Nella stessa aula, il sottosegretario alla Giustizia Giacomo Caliendo rilancia. «Se fosse stata applicata correttamente la norma, il legislatore non sarebbe intervenuto». Il problema, però, è che «le norme vengono dimenticate dalla pratica quotidiana». E quello che per Borrelli è un «eccesso», per Caliendo, ex magistrato, diventa «un’abitudine». L’abitudine «ad attivare le indagini solo con le intercettazioni e sappiamo tutti quali sono state le conseguenze sotto il profilo di influenza sulle indagini e sotto quello della privacy». Di vero e proprio «abuso», invece, parla il pg di Catanzaro, Enzo Jannelli. «Ben vengano norme più rigorose: finora ne hanno abusato tutti, magistrati e giornalisti». Di fronte a uno strumento «tanto indispensabile quanto invasivo, va trovato un equilibrio, garantendo l’utilizzabilità solo di quelle che hanno rilevanza penale».
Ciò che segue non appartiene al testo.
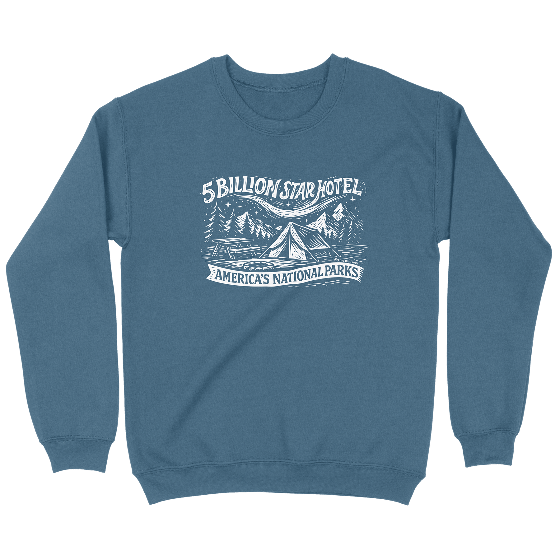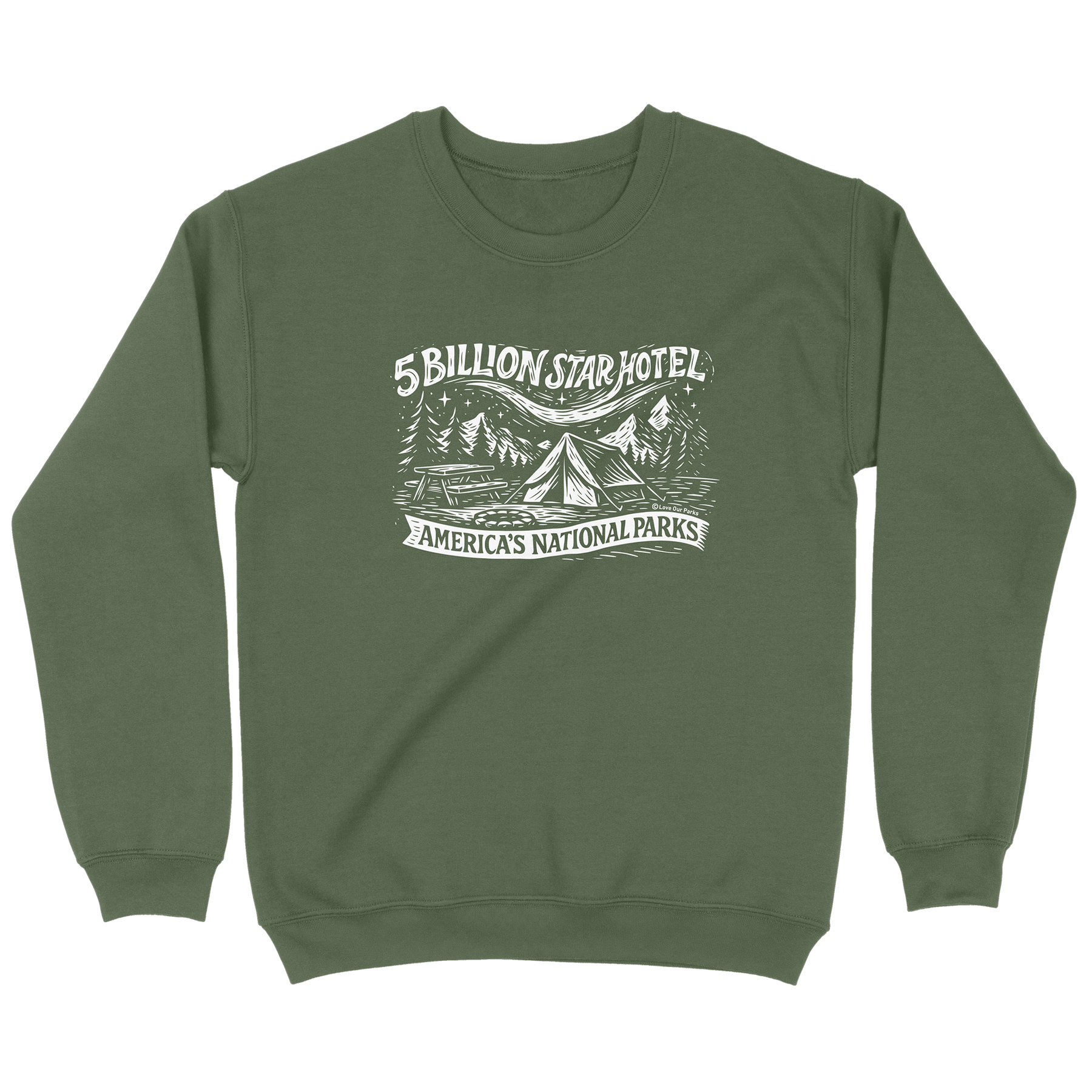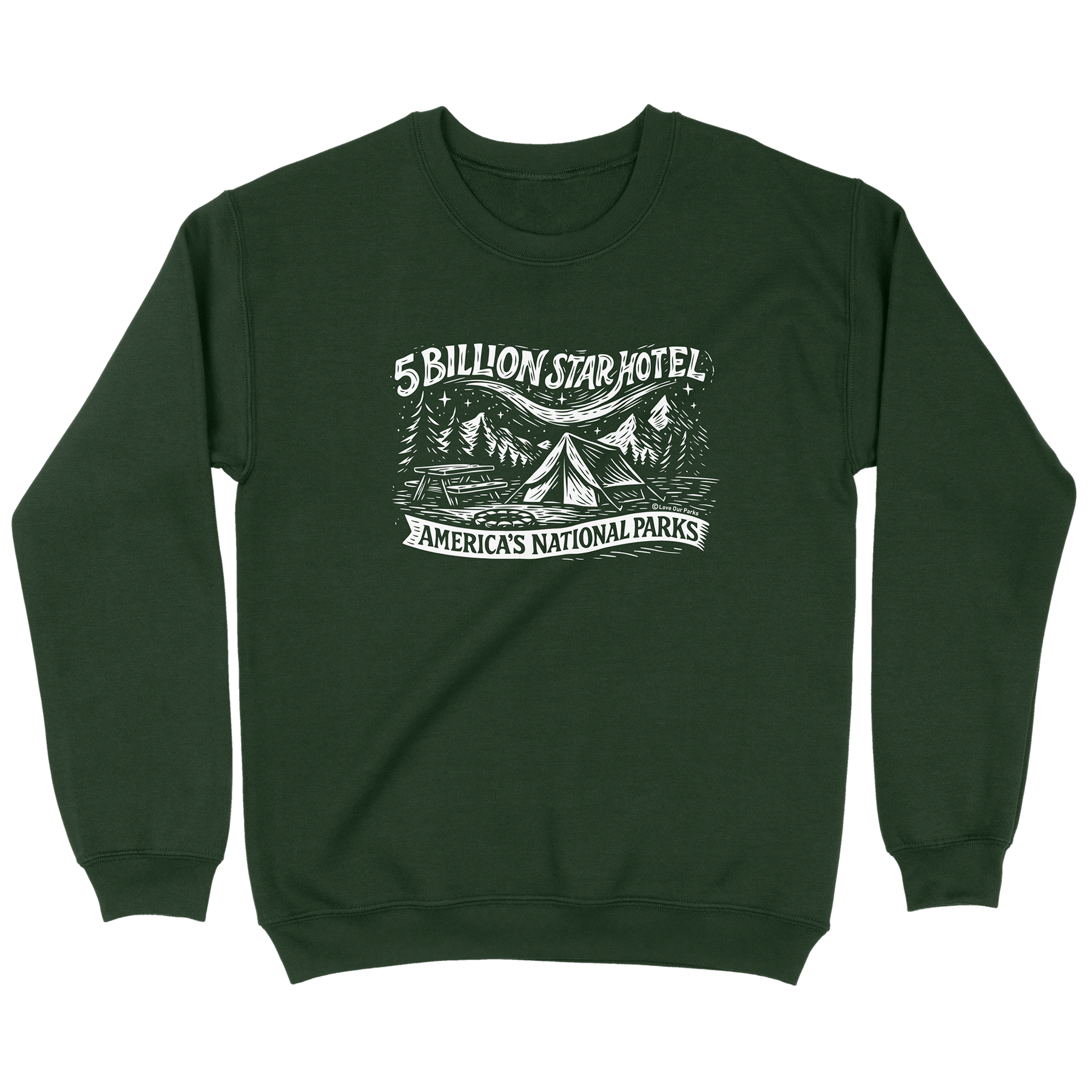 Skip the lobby and check into the best hotel on Earth, your very own 5-Billion-Star Hotel! This sweatshirt features a cozy tent, a crackling campfire, and towering pines beneath a glowing Milky Way sky. It’s perfect for anyone who believes the best nights are spent outdoors rather than indoors. Warm and soft, it’ll be your perfect companion for road trips, campgrounds, and every National Park on your bucket list.

Da Napoli, il ministro della Giustizia Angelino Alfano assicura che «non si sta limitando l’uso delle intercettazioni per alcun reato. Il nostro ddl tutela lo strumento delle intercettazioni e la privacy dei cittadini». Ma «il sistematico aggiramento della norma del codice attualmente vigente ha prodotto la necessità di intervenire».